Mast head for Penn LDI Research brief titled "Funding for Safety Net Hospitals Uses Widely Varying Definitions"

Safety net hospital funding from federal, state, and local governments relies on definitions that yield highly variable results. This variability can prevent funders from efficiently targeting financial resources to the intended hospitals. For example, in a new LDI study, different safety net hospital definitions captured as low as 2% or up to 69% of rural hospitals. Definitions varied in stability: Some produced the same hospitals year-to-year while others had less than 20% overlap. By understanding the tradeoffs of different definitions, funders can transparently choose definitions that ensure safety net hospitals fulfill their mission—providing necessary care, regardless of patient income or insurance status. 

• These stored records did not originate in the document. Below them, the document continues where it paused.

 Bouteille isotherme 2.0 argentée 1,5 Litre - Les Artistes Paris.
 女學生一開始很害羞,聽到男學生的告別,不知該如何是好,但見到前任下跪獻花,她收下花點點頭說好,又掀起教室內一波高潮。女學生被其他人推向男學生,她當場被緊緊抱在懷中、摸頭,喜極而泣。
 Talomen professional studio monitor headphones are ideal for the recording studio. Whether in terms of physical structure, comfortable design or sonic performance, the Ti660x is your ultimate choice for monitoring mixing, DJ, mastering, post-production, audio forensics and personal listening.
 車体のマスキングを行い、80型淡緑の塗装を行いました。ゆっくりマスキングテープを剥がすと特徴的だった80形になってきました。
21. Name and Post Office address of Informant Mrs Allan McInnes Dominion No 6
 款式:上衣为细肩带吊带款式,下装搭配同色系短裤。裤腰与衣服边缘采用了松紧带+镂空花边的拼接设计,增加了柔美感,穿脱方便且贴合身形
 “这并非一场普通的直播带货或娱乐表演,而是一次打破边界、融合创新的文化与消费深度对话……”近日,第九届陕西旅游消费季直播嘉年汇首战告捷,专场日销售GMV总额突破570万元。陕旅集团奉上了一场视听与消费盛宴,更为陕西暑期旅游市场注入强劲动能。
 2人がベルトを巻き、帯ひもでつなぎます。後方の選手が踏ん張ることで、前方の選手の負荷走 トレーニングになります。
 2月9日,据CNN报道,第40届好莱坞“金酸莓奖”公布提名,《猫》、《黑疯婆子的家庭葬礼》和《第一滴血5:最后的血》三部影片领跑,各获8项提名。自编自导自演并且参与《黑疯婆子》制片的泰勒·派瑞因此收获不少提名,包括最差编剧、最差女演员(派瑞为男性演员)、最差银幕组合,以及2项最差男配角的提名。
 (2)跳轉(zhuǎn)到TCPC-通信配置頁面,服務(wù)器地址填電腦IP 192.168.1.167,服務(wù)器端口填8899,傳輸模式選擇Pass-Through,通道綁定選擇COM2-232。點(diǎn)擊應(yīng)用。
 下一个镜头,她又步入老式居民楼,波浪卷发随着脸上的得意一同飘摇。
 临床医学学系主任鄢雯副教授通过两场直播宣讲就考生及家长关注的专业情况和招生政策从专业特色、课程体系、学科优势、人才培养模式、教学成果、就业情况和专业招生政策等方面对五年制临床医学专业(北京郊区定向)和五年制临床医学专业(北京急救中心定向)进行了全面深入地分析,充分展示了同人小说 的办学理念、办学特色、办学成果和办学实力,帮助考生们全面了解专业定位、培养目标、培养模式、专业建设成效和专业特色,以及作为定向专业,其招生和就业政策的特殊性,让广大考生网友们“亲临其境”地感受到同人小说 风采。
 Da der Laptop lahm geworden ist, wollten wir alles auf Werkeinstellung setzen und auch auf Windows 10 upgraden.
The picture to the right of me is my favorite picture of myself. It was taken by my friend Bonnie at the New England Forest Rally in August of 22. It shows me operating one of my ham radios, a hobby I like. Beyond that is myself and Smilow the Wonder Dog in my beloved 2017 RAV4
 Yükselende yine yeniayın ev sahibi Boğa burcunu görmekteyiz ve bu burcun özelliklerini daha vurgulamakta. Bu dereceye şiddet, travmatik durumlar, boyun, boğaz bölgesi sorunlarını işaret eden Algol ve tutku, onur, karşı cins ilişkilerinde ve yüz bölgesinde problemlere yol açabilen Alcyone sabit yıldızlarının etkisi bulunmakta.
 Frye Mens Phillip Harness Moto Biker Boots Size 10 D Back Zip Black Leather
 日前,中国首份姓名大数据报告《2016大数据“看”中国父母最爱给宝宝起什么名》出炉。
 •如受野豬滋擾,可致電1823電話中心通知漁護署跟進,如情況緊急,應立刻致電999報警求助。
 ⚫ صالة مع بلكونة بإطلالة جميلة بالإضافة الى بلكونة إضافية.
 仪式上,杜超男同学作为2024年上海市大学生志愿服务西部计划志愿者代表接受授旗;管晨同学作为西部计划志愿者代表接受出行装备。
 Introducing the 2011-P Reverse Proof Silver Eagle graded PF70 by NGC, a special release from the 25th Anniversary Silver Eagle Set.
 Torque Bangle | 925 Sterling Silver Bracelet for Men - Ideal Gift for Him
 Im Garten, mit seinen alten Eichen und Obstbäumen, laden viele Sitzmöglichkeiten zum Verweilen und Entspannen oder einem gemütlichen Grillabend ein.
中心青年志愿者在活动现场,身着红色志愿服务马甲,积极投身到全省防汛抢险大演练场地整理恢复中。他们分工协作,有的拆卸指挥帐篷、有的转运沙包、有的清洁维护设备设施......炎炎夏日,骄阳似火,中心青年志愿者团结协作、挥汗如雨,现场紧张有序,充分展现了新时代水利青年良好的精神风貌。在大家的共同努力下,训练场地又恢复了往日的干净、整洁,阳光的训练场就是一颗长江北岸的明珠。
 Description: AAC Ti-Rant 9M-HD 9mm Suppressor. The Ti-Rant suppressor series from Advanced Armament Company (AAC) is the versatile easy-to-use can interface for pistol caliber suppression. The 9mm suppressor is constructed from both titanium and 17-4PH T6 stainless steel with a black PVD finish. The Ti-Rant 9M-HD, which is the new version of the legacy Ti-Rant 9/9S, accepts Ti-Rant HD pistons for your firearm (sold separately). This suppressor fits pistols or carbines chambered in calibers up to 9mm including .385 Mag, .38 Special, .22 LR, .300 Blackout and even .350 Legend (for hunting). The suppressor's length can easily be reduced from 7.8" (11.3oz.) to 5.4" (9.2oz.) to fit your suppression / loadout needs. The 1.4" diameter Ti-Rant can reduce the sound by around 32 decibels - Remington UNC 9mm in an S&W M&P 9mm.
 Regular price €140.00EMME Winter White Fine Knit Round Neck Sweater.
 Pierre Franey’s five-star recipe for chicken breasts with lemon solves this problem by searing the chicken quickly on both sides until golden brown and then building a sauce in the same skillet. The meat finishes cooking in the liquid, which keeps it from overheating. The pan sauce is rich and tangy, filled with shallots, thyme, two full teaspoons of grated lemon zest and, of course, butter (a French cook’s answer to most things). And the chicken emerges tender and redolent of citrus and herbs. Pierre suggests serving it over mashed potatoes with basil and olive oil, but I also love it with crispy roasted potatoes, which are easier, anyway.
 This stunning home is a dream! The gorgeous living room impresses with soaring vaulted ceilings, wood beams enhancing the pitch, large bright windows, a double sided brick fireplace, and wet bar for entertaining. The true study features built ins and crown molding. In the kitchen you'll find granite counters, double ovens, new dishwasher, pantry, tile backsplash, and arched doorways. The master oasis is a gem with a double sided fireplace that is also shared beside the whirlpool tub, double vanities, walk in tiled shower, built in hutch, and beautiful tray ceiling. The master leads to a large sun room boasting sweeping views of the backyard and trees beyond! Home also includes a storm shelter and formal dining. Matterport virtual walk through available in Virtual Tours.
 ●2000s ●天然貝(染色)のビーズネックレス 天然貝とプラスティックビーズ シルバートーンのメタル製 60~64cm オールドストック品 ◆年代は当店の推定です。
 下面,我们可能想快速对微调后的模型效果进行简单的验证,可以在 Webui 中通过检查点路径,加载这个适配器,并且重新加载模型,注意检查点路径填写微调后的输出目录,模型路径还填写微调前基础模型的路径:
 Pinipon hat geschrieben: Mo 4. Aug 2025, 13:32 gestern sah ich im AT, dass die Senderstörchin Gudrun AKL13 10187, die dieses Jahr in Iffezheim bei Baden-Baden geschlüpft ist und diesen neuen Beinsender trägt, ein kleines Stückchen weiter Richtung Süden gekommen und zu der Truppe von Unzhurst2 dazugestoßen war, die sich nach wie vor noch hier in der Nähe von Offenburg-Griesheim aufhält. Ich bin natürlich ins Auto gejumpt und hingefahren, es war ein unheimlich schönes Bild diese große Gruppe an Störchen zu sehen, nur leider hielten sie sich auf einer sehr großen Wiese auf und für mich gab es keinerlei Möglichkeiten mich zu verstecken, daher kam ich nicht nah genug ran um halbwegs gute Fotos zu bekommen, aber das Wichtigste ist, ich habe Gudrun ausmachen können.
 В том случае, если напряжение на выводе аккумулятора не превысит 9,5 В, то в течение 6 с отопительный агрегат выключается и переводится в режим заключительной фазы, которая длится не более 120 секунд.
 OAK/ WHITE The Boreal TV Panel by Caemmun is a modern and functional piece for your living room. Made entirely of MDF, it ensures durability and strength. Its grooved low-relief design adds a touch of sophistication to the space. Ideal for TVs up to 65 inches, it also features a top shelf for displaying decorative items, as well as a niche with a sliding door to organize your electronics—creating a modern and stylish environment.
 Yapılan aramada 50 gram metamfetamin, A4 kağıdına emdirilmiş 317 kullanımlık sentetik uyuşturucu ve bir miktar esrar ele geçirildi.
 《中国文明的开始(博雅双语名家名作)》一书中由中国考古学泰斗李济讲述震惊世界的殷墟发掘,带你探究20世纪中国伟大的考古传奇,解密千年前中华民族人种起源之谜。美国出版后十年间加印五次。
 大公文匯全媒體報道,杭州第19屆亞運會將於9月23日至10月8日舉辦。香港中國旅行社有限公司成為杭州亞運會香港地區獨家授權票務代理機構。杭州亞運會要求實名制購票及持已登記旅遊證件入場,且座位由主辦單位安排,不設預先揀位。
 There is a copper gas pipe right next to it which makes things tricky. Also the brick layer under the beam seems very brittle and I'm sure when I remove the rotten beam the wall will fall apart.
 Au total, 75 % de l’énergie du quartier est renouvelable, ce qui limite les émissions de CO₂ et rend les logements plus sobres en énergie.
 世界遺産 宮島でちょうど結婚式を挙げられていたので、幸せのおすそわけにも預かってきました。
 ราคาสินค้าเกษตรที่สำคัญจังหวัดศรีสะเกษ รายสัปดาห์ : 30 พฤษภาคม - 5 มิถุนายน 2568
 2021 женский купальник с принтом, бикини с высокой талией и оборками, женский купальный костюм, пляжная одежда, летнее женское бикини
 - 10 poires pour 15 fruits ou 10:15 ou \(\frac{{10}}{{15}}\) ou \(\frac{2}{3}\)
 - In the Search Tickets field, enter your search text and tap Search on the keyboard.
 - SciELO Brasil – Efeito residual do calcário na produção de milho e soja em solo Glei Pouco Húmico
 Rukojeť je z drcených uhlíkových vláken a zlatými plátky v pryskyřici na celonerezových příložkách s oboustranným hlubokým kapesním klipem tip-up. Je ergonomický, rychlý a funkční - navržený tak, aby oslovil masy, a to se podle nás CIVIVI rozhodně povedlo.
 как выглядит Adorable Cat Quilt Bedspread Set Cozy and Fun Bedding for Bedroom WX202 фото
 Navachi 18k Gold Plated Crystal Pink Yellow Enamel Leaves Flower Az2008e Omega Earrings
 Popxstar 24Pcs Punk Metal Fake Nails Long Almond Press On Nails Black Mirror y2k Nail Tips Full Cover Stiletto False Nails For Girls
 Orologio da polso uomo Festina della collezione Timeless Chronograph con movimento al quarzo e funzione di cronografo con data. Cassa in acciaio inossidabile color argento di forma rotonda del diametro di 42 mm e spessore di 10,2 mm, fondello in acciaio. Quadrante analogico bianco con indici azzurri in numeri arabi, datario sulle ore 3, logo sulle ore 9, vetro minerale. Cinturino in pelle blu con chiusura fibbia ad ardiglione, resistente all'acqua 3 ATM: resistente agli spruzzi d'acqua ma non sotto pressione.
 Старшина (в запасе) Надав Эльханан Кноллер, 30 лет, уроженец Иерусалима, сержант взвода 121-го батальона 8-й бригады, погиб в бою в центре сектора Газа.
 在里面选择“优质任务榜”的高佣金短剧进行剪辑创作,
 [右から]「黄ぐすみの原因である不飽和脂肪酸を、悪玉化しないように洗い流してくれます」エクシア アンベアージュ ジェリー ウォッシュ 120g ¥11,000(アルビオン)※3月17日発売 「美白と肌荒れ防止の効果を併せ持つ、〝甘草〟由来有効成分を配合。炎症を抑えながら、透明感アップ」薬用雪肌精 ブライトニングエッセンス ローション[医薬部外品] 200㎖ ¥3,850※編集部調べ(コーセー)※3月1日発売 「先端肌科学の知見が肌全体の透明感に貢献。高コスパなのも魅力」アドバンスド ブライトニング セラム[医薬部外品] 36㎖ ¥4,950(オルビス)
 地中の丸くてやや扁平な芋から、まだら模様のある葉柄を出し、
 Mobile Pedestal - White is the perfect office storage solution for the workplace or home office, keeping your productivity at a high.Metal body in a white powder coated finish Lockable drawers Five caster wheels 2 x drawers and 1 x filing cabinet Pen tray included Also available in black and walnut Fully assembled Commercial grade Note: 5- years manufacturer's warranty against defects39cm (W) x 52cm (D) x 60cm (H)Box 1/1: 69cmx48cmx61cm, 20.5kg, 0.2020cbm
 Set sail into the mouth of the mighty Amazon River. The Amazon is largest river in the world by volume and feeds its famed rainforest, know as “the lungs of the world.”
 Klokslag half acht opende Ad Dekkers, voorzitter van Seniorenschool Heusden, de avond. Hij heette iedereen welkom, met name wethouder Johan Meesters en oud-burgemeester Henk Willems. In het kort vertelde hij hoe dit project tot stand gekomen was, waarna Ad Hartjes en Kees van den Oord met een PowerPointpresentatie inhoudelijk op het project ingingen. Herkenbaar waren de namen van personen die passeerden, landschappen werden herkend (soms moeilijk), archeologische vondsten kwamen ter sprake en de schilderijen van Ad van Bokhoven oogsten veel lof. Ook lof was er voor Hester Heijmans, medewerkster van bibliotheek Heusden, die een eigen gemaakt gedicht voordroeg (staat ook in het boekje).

Financial support for safety net hospitals is assigned using multiple definitions: Some, such as the Medicare or Medicaid Disproportionate Share Hospital (DSH) definitions, measure care to certain beneficiaries. Others combine measures into indexes to capture populations with high social disadvantage. Multiple definitions help policymakers capture diverse safety net aspects but can lead to redundancy and resource mistargeting. For example, using the Medicaid DSH definition to support hospitals serving Medicaid-covered or uninsured patients resulted in up to 30% of payments going to facilities that did not provide substantial services to these patients, LDI Senior Fellow Paula Chatterjee showed. New work by Chatterjee, LDI Senior Fellow Amol Navathe, former Senior Fellow Josh Liao, and colleagues seeks to help government funders choose safety net hospital definitions that match their goals by showing which hospitals are selected by different definitions and the stability of selections over time.

The researchers applied nine currently used or proposed hospital-level definitions to data on more than 4,500 acute-care hospitals. Different definitions captured between 992 and more than 1,300 hospitals, with varying overlap in those selected. High overlap illustrates inefficient redundancies among definitions, Chatterjee explained. Careful definition selection helps funders support their priorities, demonstrated by the study’s novel comparison of two definition approaches: estimating the share or proportion of a hospital’s total care (as inpatient days) given to low-income patients vs. the absolute amount of care provided for this group. Share measures find hospitals that dedicate most of their organization’s care to low-income patients, typically representing small, rural, public hospitals. Absolute definitions identify hospitals that provide most of the total U.S. safety net inpatient care, typically large, urban hospitals (Figure 1A).

The researchers tested definition stability using 2014, 2018, and 2022 data. The most stable definitions were public ownership, teaching status, and Medicare DSH index, identifying the same hospitals 83%-60% of the time. The least stable definition (15%) was hospital operating margin, known to fluctuate annually (Figure 1B).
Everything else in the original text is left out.